**WORK ORDER**
Set down the whole listing below exactly. The pictures stay out.
::::
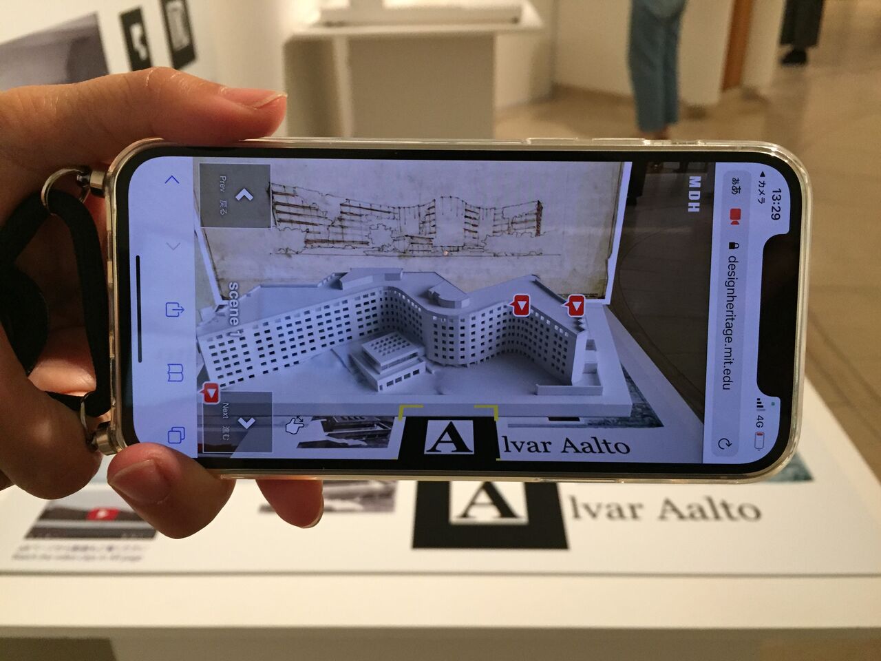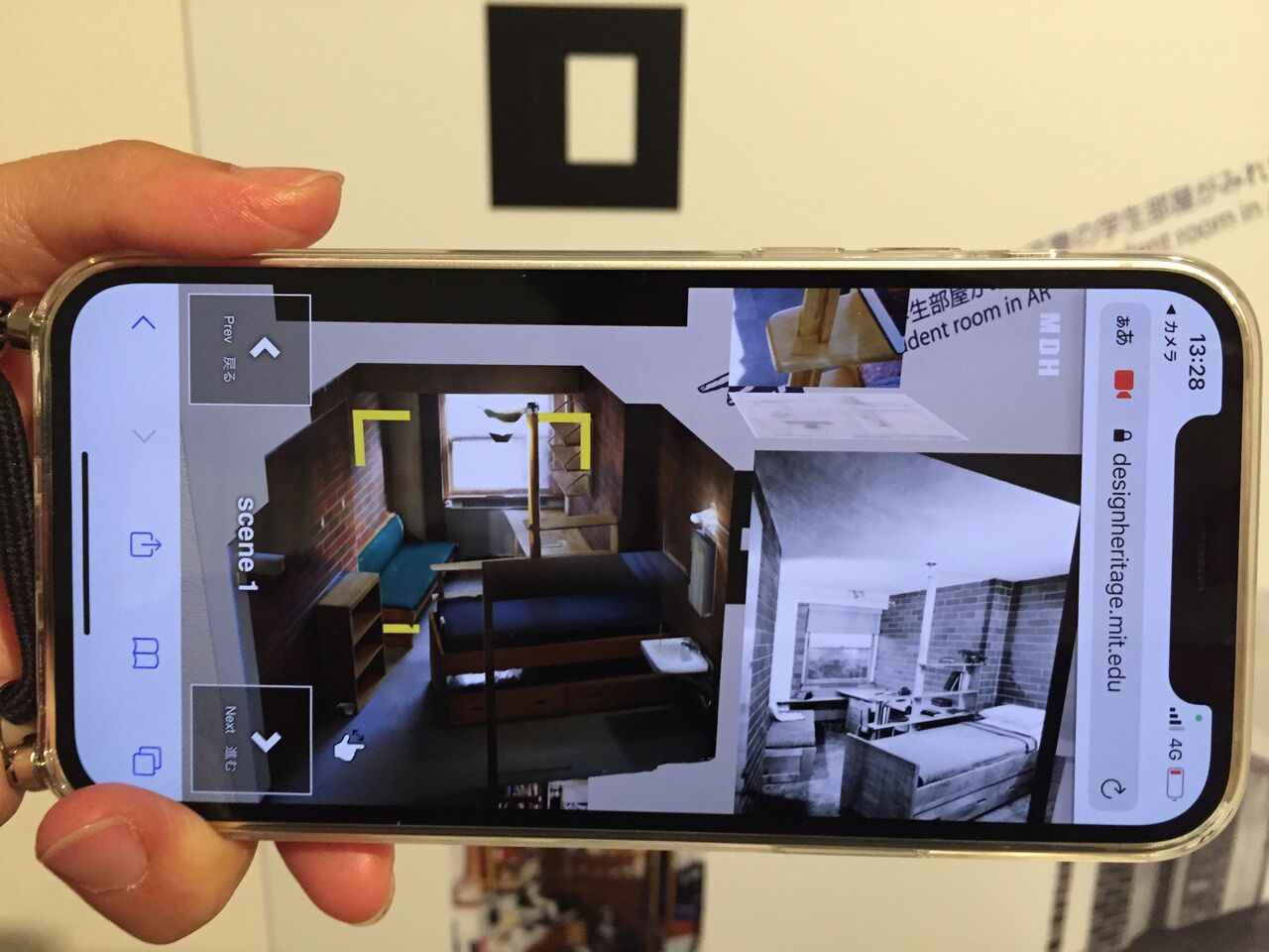 この作品は、AR(拡張現実)での鑑賞作品になっており、スマートフォンに会場のQRコードを読み込んでアプリケーションを起動し、スマホカメラを壁面や展示台にある展示パネルにかざすと、寮の個室の内観3D、暖炉のあるロビーの内観3Dや、建物の外観や内観の映像が見られます。シーンの操作では、建物の模型の3Dから屋根の取れた模型、次に外観の立体写真という順に切り替えることもできました。
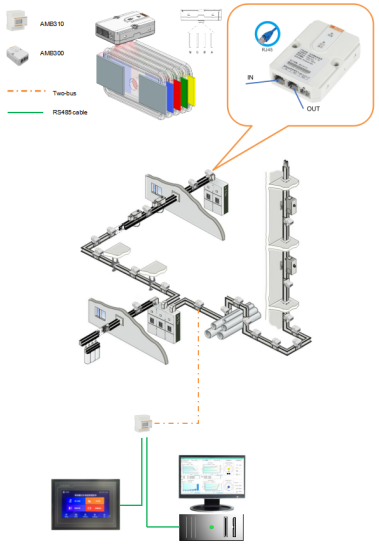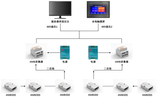 此母線槽紅外測溫解決方案由人機HMI觸摸屏,紅外測溫模塊,紅外采集器,電源模塊組成。該系統通過RS485線與本地觸摸屏和后臺監控進行通信(如下圖),系統設計遵循際標準Modbus-RTU傳輸規約,安全性、可靠性和開放性都得到了很大地提高。RS-485作為一種串行通信的接口具有傳輸距離長、速度較高、電平兼容性好、使用靈活方便、成本低廉和可靠度高等特點,與無線通信方式相比,具有價格低、抗共模干擾能力強等優點。
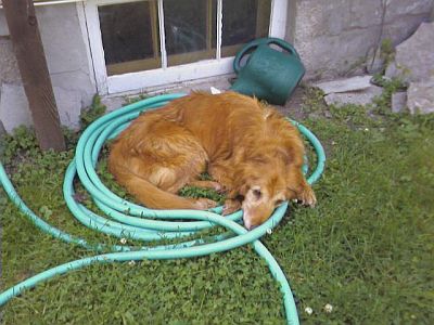 Lucy's Nest - she likes to lie in the middle of the hose when it's on because it feels cool to her body
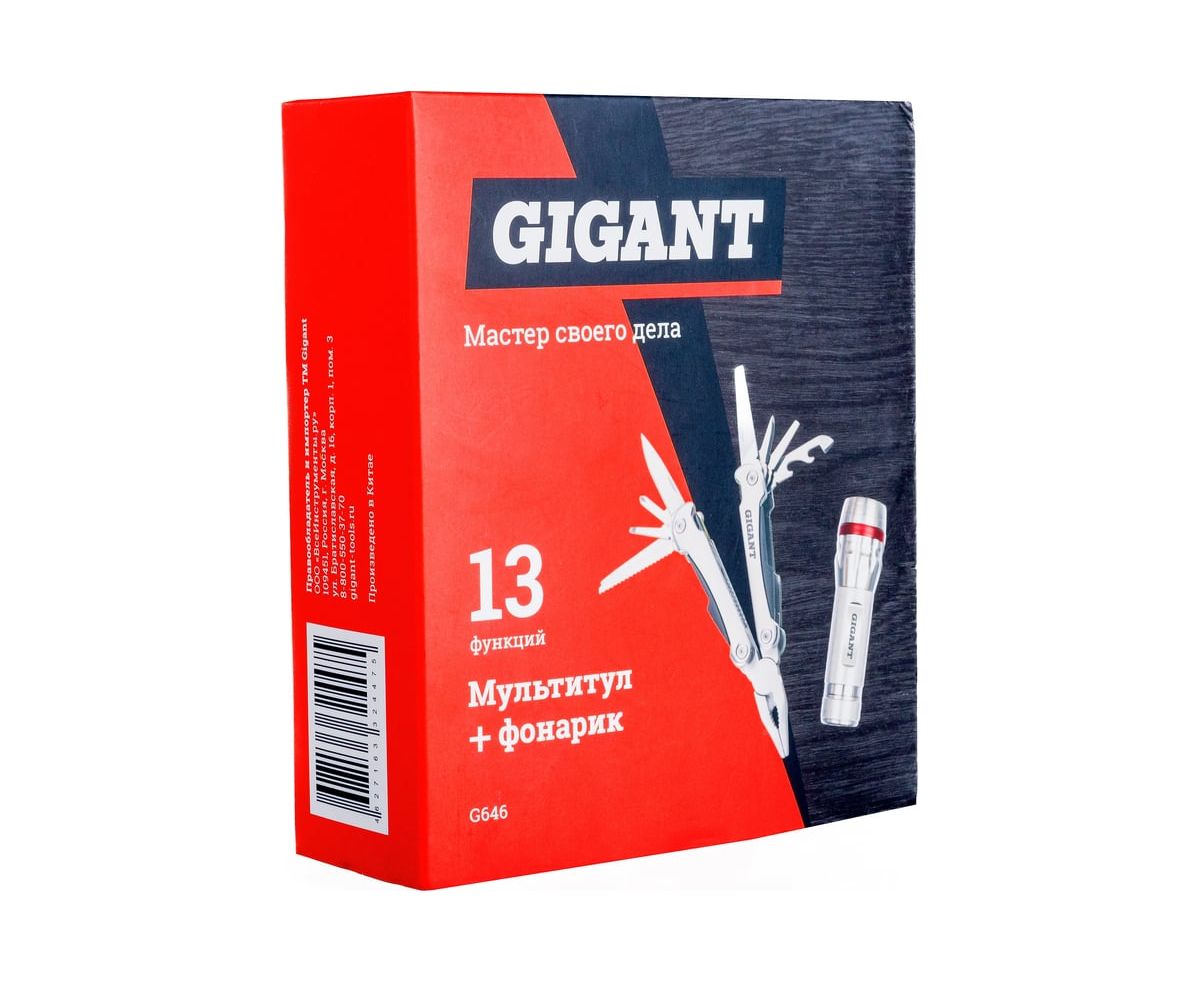 Набор мультитул Gigant 2 предмета G646 состоит из многофункционального инструмента и фонарика. Материал корпуса фонаря - сталь в сочетании с пластиком. Источником питания являются батареи типа ААА.
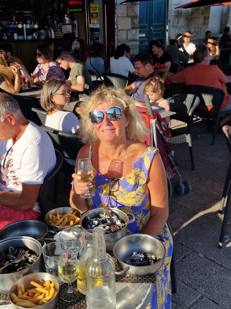På kvällen blev det Moules Frites med vitvin på en av alla hundratals serveringar och därefter ännu mer promenad i myllret av folk och med alla gatumusikanter
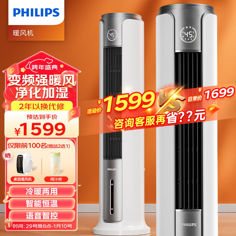 飞利浦(PHILIPS)取暖器家用暖风机电暖气电暖器加湿负离子净化杀菌冷暖两用语音APP遥控热风机烤火炉 ACR5166TN价格:1949.00元!
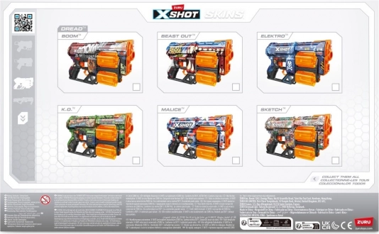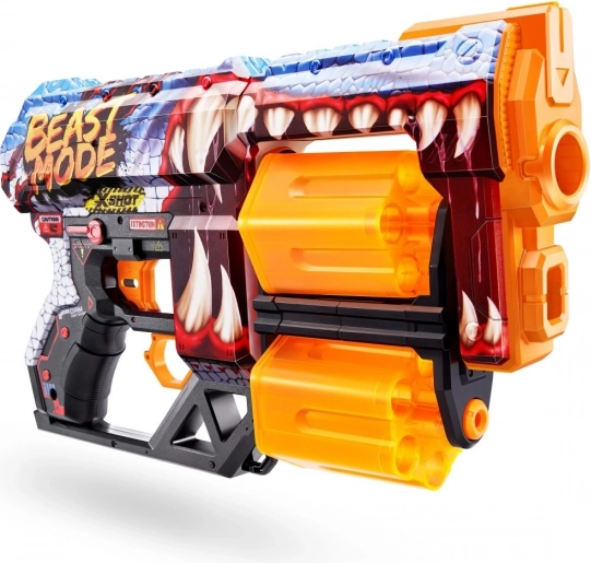 Mach dich bereit für adrenalingeladene Duelle mit dem Blaster X-SHOT SKINS DREAD im auffälligen Beast-Mode-Skin. Zwei unabhängige, rotierende Trommeln ermöglichen insgesamt 12 schnelle Schüsse – ist eine leer, genügt ein Umschalten, und die Action geht ohne Unterbrechung weiter. Das ergonomische Design und die leichte Bauweise sorgen für angenehmen Halt auch bei längerem Spielen.
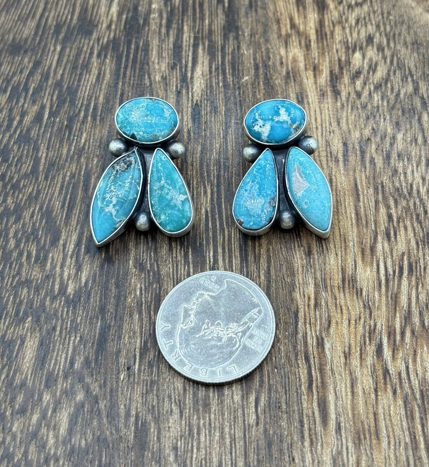 Navajo Handmade Sterling Silver White Water Turquoise Post Cluster Earrings
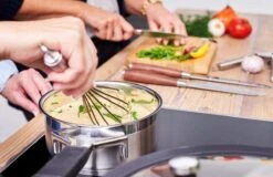 Ideaal voor soepen, sausjes crèmes en pannenkoekendeeg. Hittebestendig tot 260 °C. Duurzame verbinding van roestvrijstaal en silicone. Kenmerken: – Roestvrijstaal 18/10 – Silicone – Tijdloze combinate van mat/hoogglans roestvrijstaal – Gebalanceerd ontwerp, zodat deze stabiel in de hand ligt en prettig werkt. – Voorzien van ophangoog – Vaatwasmachinebestendig
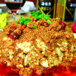 將蒸好的青魚籽碾成末,放入5個(gè)雞蛋,加大蔥末、蝦醬、味精、料酒攪勻。另起鍋加油燒至六成熱,放入做好的原料,大火快炒1分鐘,炒散后淋上香油,裝入盤中,隨盛裝鴨餅的小碟上桌。
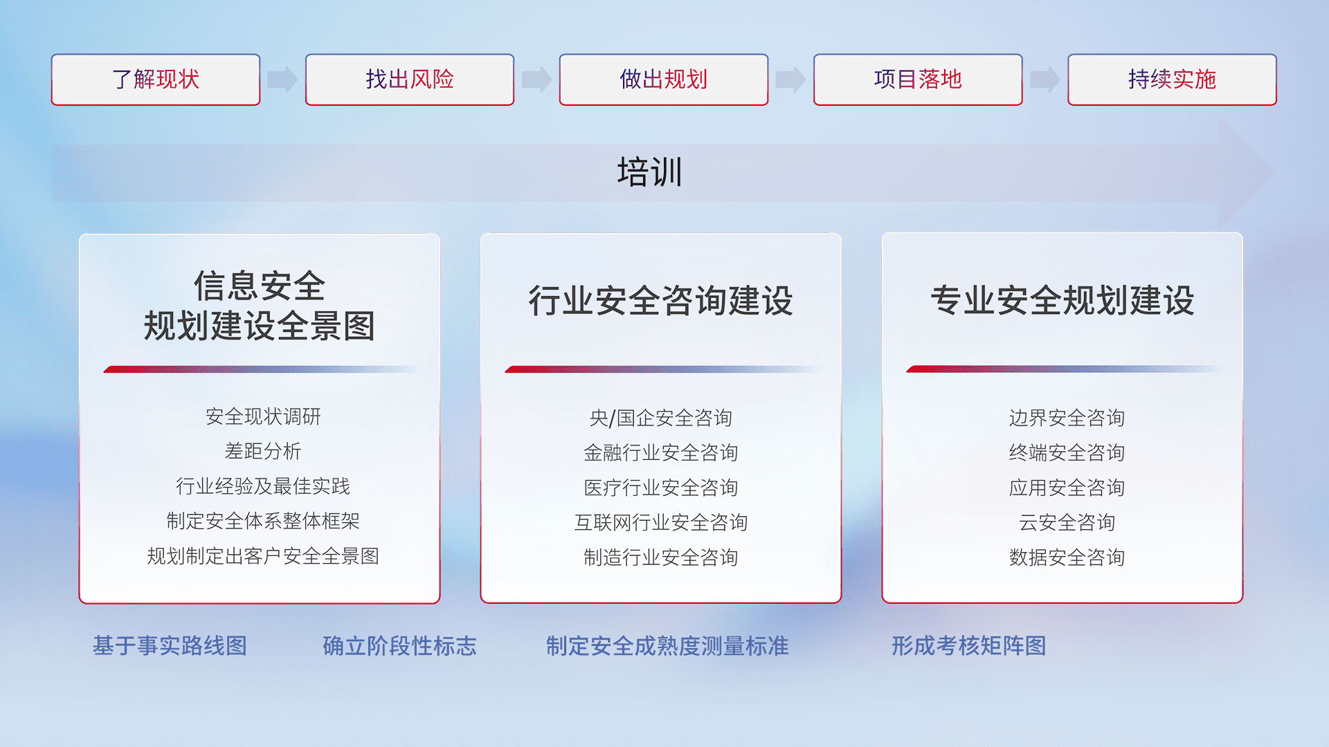 针对客户行业特性,,将宏观的安全战略和需求,,通过专业的交付服务,,,实现项目落地,,为客户提供标准规范的集成交付服务。。。
::::
**SOLUTION FOR THIS TASK**
 この作品は、AR(拡張現実)での鑑賞作品になっており、スマートフォンに会場のQRコードを読み込んでアプリケーションを起動し、スマホカメラを壁面や展示台にある展示パネルにかざすと、寮の個室の内観3D、暖炉のあるロビーの内観3Dや、建物の外観や内観の映像が見られます。シーンの操作では、建物の模型の3Dから屋根の取れた模型、次に外観の立体写真という順に切り替えることもできました。
 此母線槽紅外測溫解決方案由人機HMI觸摸屏,紅外測溫模塊,紅外采集器,電源模塊組成。該系統通過RS485線與本地觸摸屏和后臺監控進行通信(如下圖),系統設計遵循際標準Modbus-RTU傳輸規約,安全性、可靠性和開放性都得到了很大地提高。RS-485作為一種串行通信的接口具有傳輸距離長、速度較高、電平兼容性好、使用靈活方便、成本低廉和可靠度高等特點,與無線通信方式相比,具有價格低、抗共模干擾能力強等優點。
 Lucy's Nest - she likes to lie in the middle of the hose when it's on because it feels cool to her body
 Набор мультитул Gigant 2 предмета G646 состоит из многофункционального инструмента и фонарика. Материал корпуса фонаря - сталь в сочетании с пластиком. Источником питания являются батареи типа ААА.
På kvällen blev det Moules Frites med vitvin på en av alla hundratals serveringar och därefter ännu mer promenad i myllret av folk och med alla gatumusikanter
 飞利浦(PHILIPS)取暖器家用暖风机电暖气电暖器加湿负离子净化杀菌冷暖两用语音APP遥控热风机烤火炉 ACR5166TN价格:1949.00元!
 Mach dich bereit für adrenalingeladene Duelle mit dem Blaster X-SHOT SKINS DREAD im auffälligen Beast-Mode-Skin. Zwei unabhängige, rotierende Trommeln ermöglichen insgesamt 12 schnelle Schüsse – ist eine leer, genügt ein Umschalten, und die Action geht ohne Unterbrechung weiter. Das ergonomische Design und die leichte Bauweise sorgen für angenehmen Halt auch bei längerem Spielen.
 Navajo Handmade Sterling Silver White Water Turquoise Post Cluster Earrings
 Ideaal voor soepen, sausjes crèmes en pannenkoekendeeg. Hittebestendig tot 260 °C. Duurzame verbinding van roestvrijstaal en silicone. Kenmerken: – Roestvrijstaal 18/10 – Silicone – Tijdloze combinate van mat/hoogglans roestvrijstaal – Gebalanceerd ontwerp, zodat deze stabiel in de hand ligt en prettig werkt. – Voorzien van ophangoog – Vaatwasmachinebestendig
 將蒸好的青魚籽碾成末,放入5個(gè)雞蛋,加大蔥末、蝦醬、味精、料酒攪勻。另起鍋加油燒至六成熱,放入做好的原料,大火快炒1分鐘,炒散后淋上香油,裝入盤中,隨盛裝鴨餅的小碟上桌。
 针对客户行业特性,,将宏观的安全战略和需求,,通过专业的交付服务,,,实现项目落地,,为客户提供标准规范的集成交付服务。。。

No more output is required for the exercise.